Un b&b o una villetta, una festa privata, musica e alcol: i sensi si assopiscono e i limiti diventano labili e interpretabili. È il “copione dello stupro” che va in scena sempre più spesso, come accaduto pochi mesi fa nella Capitale: la vittima è una 16enne che ha trovato il coraggio di denunciare la baby gang che l’ha assaltata. Ad accogliere la testimonianza della giovane al commissariato di Porta Pia c’era Evelina Compare, che di ragazze stuprate ne ha ascoltate tante quanti i “mostri” che ha contribuito a stanare. Ispettore capo della polizia di Stato ed esperta della Questura di Roma sul tema violenza di genere e domestica, Evelina, di origini beneventane, è una mamma di 47 anni, con un figlio di 14 e una di 13.
Come accoglie le parole, dolorose, delle giovani donne che subiscono uno stupro?
«Come una madre che sa come parlare ai figli quando deve farli aprire: con pazienza e dolcezza o si chiuderanno a riccio, senza giudizio morale. Con il distanziamento è più difficile ma in genere mi siedo accanto a loro, tengo le mani, parlo dolcemente. Non le spingo a denunciare ma a liberarsi di un peso. Così si sentono capite e accolte. Trovano l’affetto della loro stessa madre alla quale, però, non si sentono di fare del male confessando la violenza subita e della quale si sentono in parte responsabili».

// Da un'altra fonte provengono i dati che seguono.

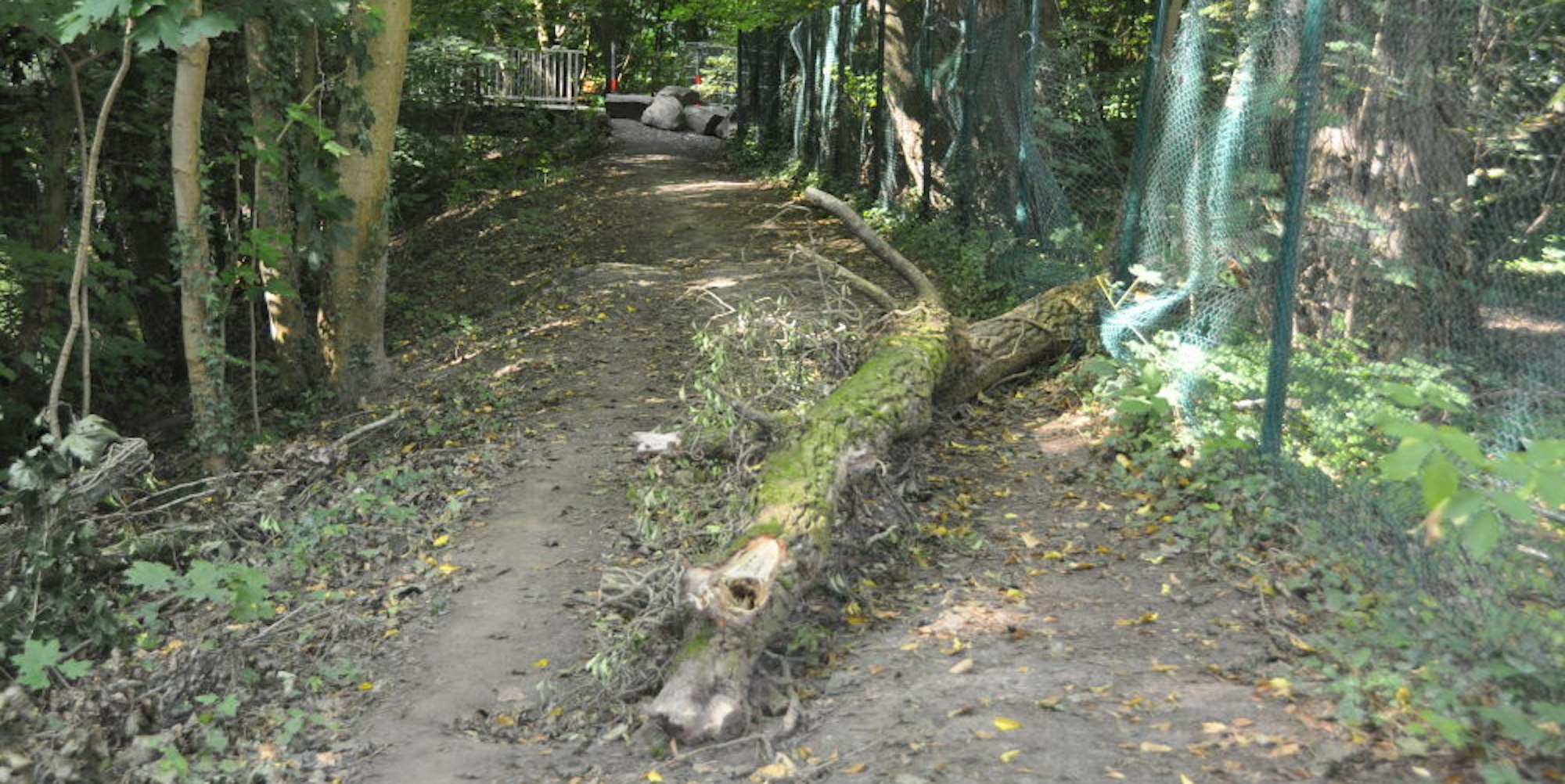 Leverkusen – Ende vergangener Woche ist ein rund 30 Zentimeter dicker Ast in einer Baumkrone abgebrochen und aus zehn Metern Höhe auf den gesperrten Weg entlang der Dhünn in Schlebusch gefallen. Die Wucht des Absturzes hat den Zaun von Haus Nazareth niedergelegt. Der baumlange Ast selbst ist in mehrere Stücke zerborsten. „Spaziergänger hätten seinen Aufprall nicht überlebt“, warnt die Stadt Leverkusen.
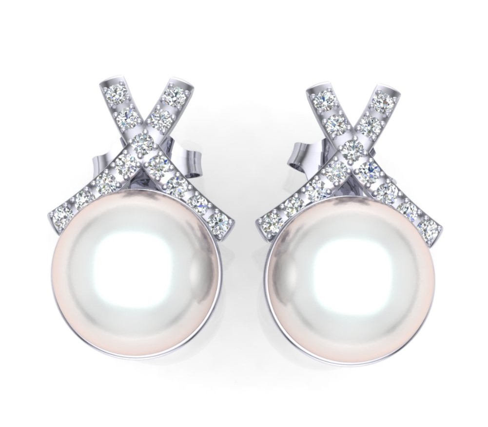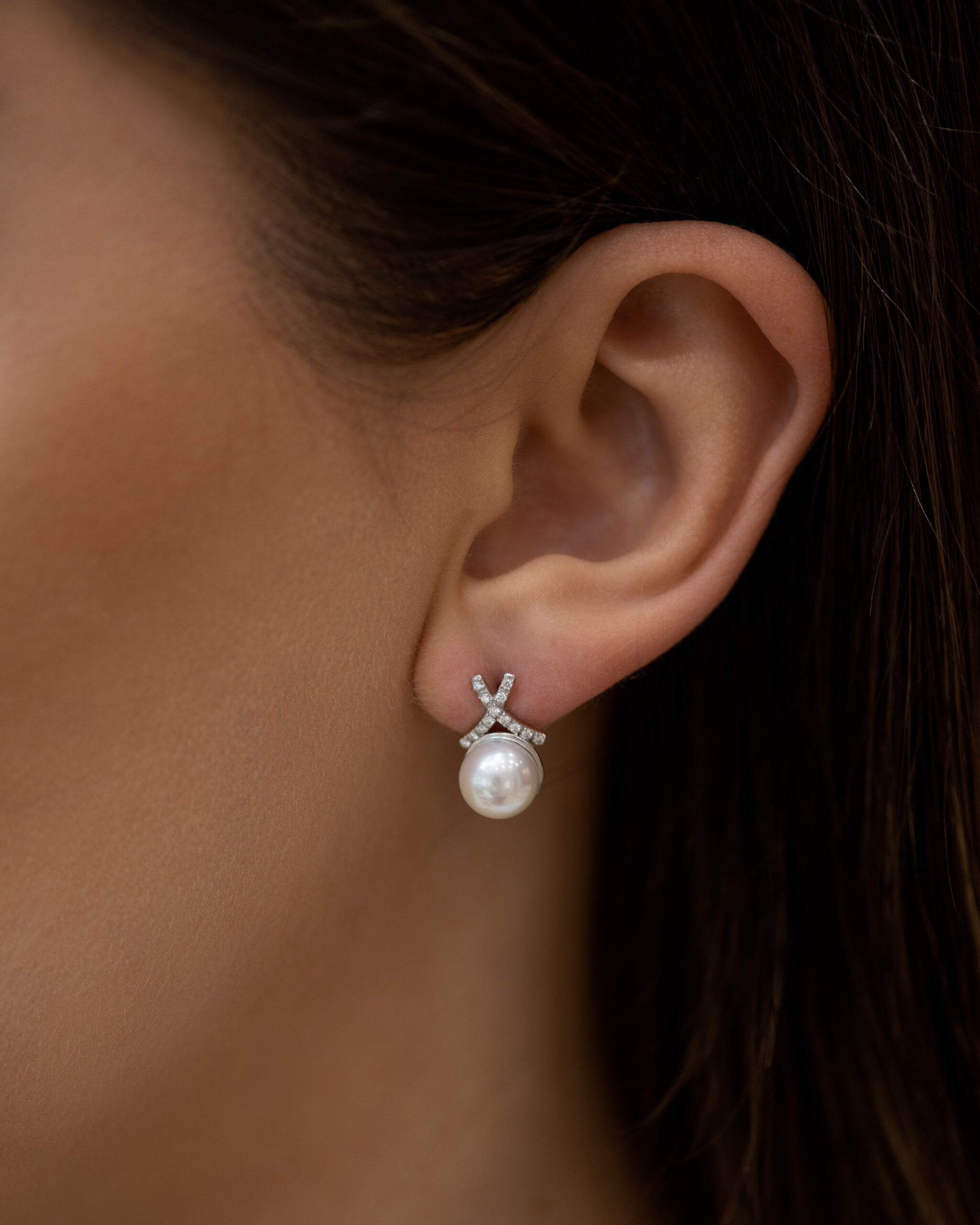 Biserne minđuše od zlata, ukrašene dijamantima. Ove minđuše su jednostavne, biser je postavljen u diskretnu zlatnu osnovu, kopčaju se na klasični šraf, a igla je skrivena iza lepog ukrasa od dijamanata u obliku slova X. U zlatari Andrejević, nudimo Vam mogućnost da sami izaberete karatažu, čistoću i boju dijamanata, kao i boju zlata, kako biste bili sigurni da će krajnji rezultat biti upravo minđuše kakve ste želeli.
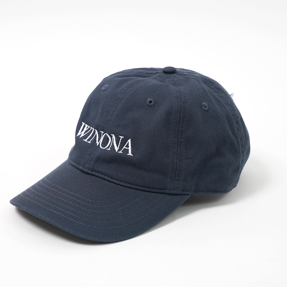 オーガニックコットン100%のIDEAキャップシリーズ。フロントにアメリカの90sアイコンでもある女優Winona Ryder "WINONA"の刺繍入り。クラシックでソフトな6パネル。
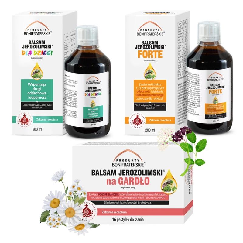 Produkty Bonifraterskie Balsam Jerozolimski dla całej rodziny + pastylki na gardło 3 opakowania
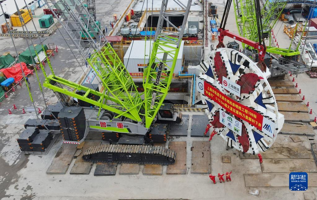 9月12日拍摄的轨道交通崇明线108标“申通号”盾构机刀盘吊装下井作业施工现场(无人机照片)。
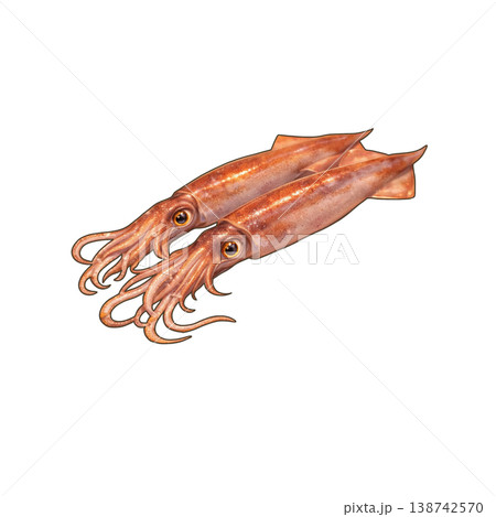 水彩で描いたシンプルなスルメイカのイラスト素材【手描き】白バック 透過背景 コピースペースあり
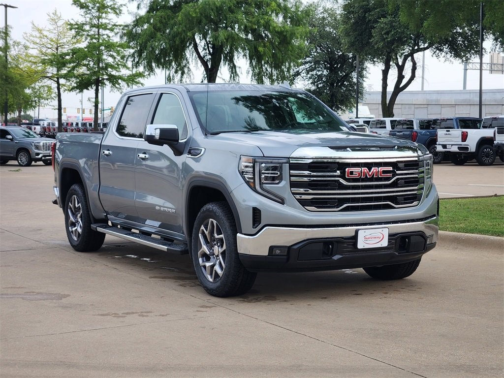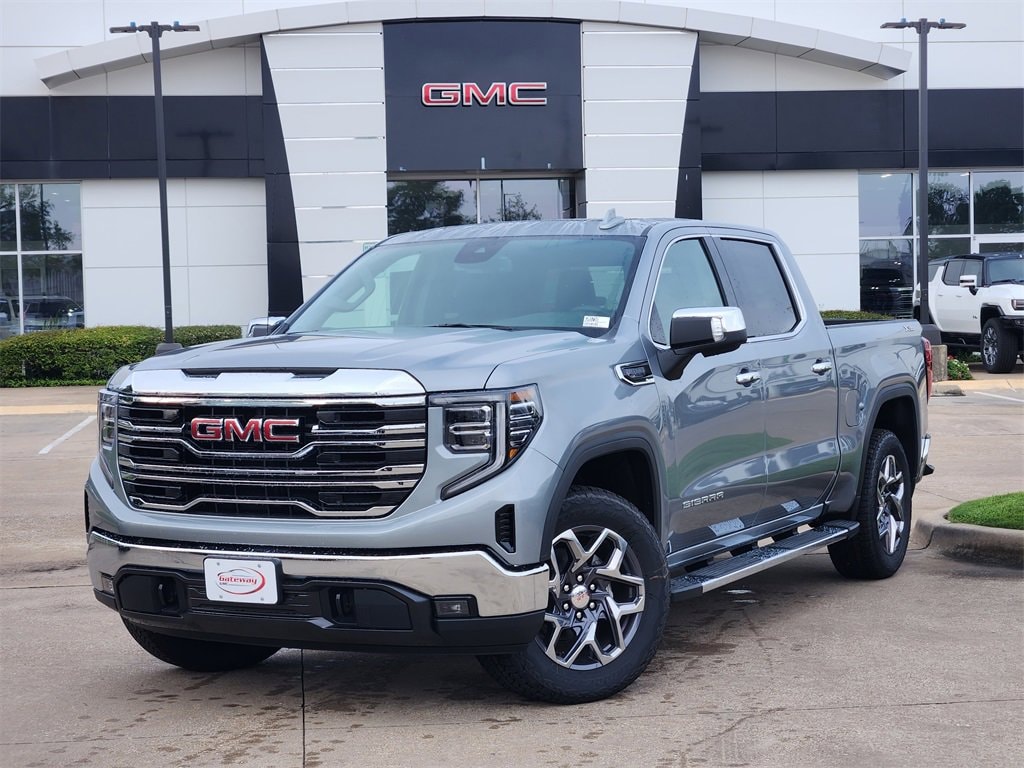 Sterling Metallic 2025 GMC Sierra 1500 4D Crew Cab SLT 4WD 10-Speed Automatic EcoTec3 5.3L V8 High Capacity Suspension Package, Preferred Equipment Group 4SA (120-Volt Bed Mounted Power Outlet, 120-Volt Interior Power Outlet, 170 Amp Alternator, 2 Charge/Data USB Ports, 2 Type-C Charge-Only Rear USB Ports, 6-Speaker Audio System Feature, Auto-Locking Rear Differential, Auxiliary External Transmission Oil Cooler, Chrome Header & Chrome Grille Insert Bars, Color-Keyed Carpeting Floor Covering, Deep-Tinted Glass, Electric Rear-Window Defogger, Front Frame-Mounted Black Recovery Hooks, Front Rain-Sensing Wipers, HD Rear Vision Camera, Integrated Trailer Brake Controller, Keyless Open & Start, LED Cargo Area Lighting, Manual Tilt-Wheel & Telescoping Steering Column, OnStar Services Capable, Perimeter Lighting, Power Door Locks, Power Front Passenger Windows w/Express Up/Down, Power Front Windows w/Driver Express Up/Down, Power Rear Windows w/Express Down, Push Button Start, Rear Wheelhouse Liners, Remote Vehicle Starter System, SiriusXM w/360L Trial Subscription, Steering Wheel Audio Controls, Theft Deterrent System (Unauthorized Entry), and Wi-Fi Hotspot Capable), SLT Convenience Package (2 Charge/Data USB Ports Inside Center Console, Electronic Precision Shift, Floor-Mounted Center Console, Front Bucket Seats, Power Rake & Telescoping Steering Column, Premium Bose 7-Speaker Sound System, Ventilated Driver & Front Passenger Seats, and Wireless Charging), SLT Preferred Package (Adaptive Cruise Control, Heated 2nd Row Outboard Seats, Power Sliding Rear Window w/Rear Defogger, and Universal Home Remote), Standard Suspension Package, Texas Edition SLT Premium Package (20 Polished Aluminum Wheels, Chrome Wheel To Wheel Assist Steps, and Texas Edition Badging), Trailering Package (Hitch Guidance), X31 Off-Road Package (Dual Exhaust System, Heavy-Duty Air Filter, Hill Descent Control, Off-Road Suspension, and X31 Hard Badge), 10-Speed Automatic, 4WD, Black Leather, 10-Way Power Driver Seat Adjuster w/Lumbar, 10-Way Power Passenger Seat Adjuster w/Lumbar, 3.23 Rear Axle Ratio, 4-Wheel Disc Brakes, 6 Speakers, ABS brakes, Air Conditioning, Alloy wheels, AM/FM radio: SiriusXM with 360L, Apple CarPlay/Android Auto, Auto High-beam Headlights, Auto-dimming door mirrors, Auto-dimming Rear-View mirror, Automatic Emergency Braking, Automatic temperature control, Brake assist, Buckle to Drive, Bumpers: chrome, Cargo Tie-Downs (4) (LPO), Compass, Delay-off headlights, Driver door bin, Driver Memory, Driver vanity mirror, Dual front impact airbags, Dual front side impact airbags, Electronic Stability Control, Emergency communication system: OnStar, Following Distance Indicator, Forward Collision Alert, Front 40/20/40 Split-Bench Seat, Front anti-roll bar, Front Center Armrest w/Storage, Front dual zone A/C, Front fog lights, Front License Plate Kit, Front Pedestrian Braking, Front reading lights, Front wheel independent suspension, Fully automatic headlights, Heated door mirrors, Heated Driver & Front Outboard Passenger Seating, Heated front seats, Heated steering wheel, Illuminated entry, IntelliBeam Automatic High Beam On/Off, Lane Keep Assist w/Lane Departure Warning, Low tire pressure warning, Memory seat, Navigation System, Occupant sensing airbag, Outside temperature display, Overhead airbag, Overhead console, Panic alarm, Passenger door bin, Passenger vanity mirror, Perf Leather-Appointed Front Outboard Seat Trim, Power door mirrors, Power driver seat, Power passenger seat, Power steering, Power Sunroof, Power windows, Radio data system, Radio: Premium GMC Infotainment Audio System, Rain sensing wipers, Rear reading lights, Rear seat center armrest, Rear step bumper, Rear window defroster, Remote keyless entry, Security system, Speed control, Speed-sensing steering, Split folding rear seat, Steering wheel mounted audio controls, Tachometer, Telescoping

La prima cosa che dice loro?
«Non è colpa tua: quasi tutte credono di essersi cacciate volontariamente in quella situazione, come le donne maltrattate dal partner che finiscono per credere di essere davvero delle nullità. Io dico alle ragazze che la voglia di divertirsi non può essere mai scambiata per disponibilità sessuale. Quando lo capiscono si sentono sollevate e parlare diventa più naturale».
Di cosa hanno paura?
«Temono la vittimizzazione secondaria, cioè il giudizio morale dei coetanei ma anche delle forze dell’ordine. Pensano: se vado a raccontare quello che mi è successo crederanno che sono una “leggerina”, diranno: “Non lo sapeva cosa poteva succederle?”. Ecco, io smonto questo pensiero. L’ho fatto persino quando mi sono trovata davanti una prostituta stuprata e rapinata: per me in quel momento era solo una donna violata».
Come riesce a entrare in empatia con le vittime?
«Non c’è una tecnica. Sono donna, sono del Sud, sorrido sempre. Il lavoro di rete con i colleghi e le altre istituzioni messo in piedi oggi in tutte le Questure per proteggere le vittime di violenza crea il giusto contesto. E mi sono allenata con una lunga gavetta all’ufficio denunce. La sera ero stanchissima ma arrivava sempre qualcuno a cui avevano rubato l’auto o il portafogli. Per me era l’ennesima denuncia, ma per loro era il mondo in frantumi. “Come faccio domani ad accompagnare mia figlia…”, “Avevo appena ritirato i contanti…”. Io consolavo, rassicuravo e loro tornavano a casa più tranquilli».
Con il programma “Scuole sicure” incontra i ragazzi: che metodi usa per far presa su temi come cyberbullismo e sexting?
«Non parlo al bullo ma al suo pubblico. L’ho capito quando un ragazzino, a proposito delle angherie subite sul gruppo WhatsApp di classe, mi disse: “Le 20 faccine che ridono mi fanno più male dell’insulto”. Se il bullo ha una platea alza il tiro, altrimenti si smonta».
«Quasi tutte credono di essersi cacciate volontariamente in quella situazione, come le donne adulte maltrattate dal partner. Io dico loro: la voglia di divertirsi non può mai essere scambiata per disponibilità sessuale»
Come affronta questi temi con i suoi figli?
«Nello stesso modo. E poi monitoro insieme al padre la presenza del grande su Instagram. TikTok, invece, è vietato: difficile da gestire e molto subdolo. Adesso vanno i video in cui ci si cambia d’abito velocemente e si resta in reggiseno e mutande, oro puro per i pedofili nel dark web. Quello che le ragazzine fanno spesso senza malizia finisce per alimentare il mercato del porno».
In 20 anni di servizio avrà ascoltato tantissime storie, quale più di altre conserva nel cuore?
«Quella di una donna ossessionata da un partner che la minacciava: ci inventammo un controllo dei registri contabili del loro albergo per andarla a prendere. Non dimenticherò mai il suo sospiro di sollievo dentro la volante con la quale la portammo in questura per convincerla a denunciare. E poi ci sono ragazze che ho aiutato e che incontro per strada: mi salutano con la gratitudine negli occhi. Una è venuta in commissariato a presentarmi il bambino avuto da una nuova relazione. Mi ha detto: “Se fosse stata femmina l’avrei chiamata Evelina”. È stato commovente».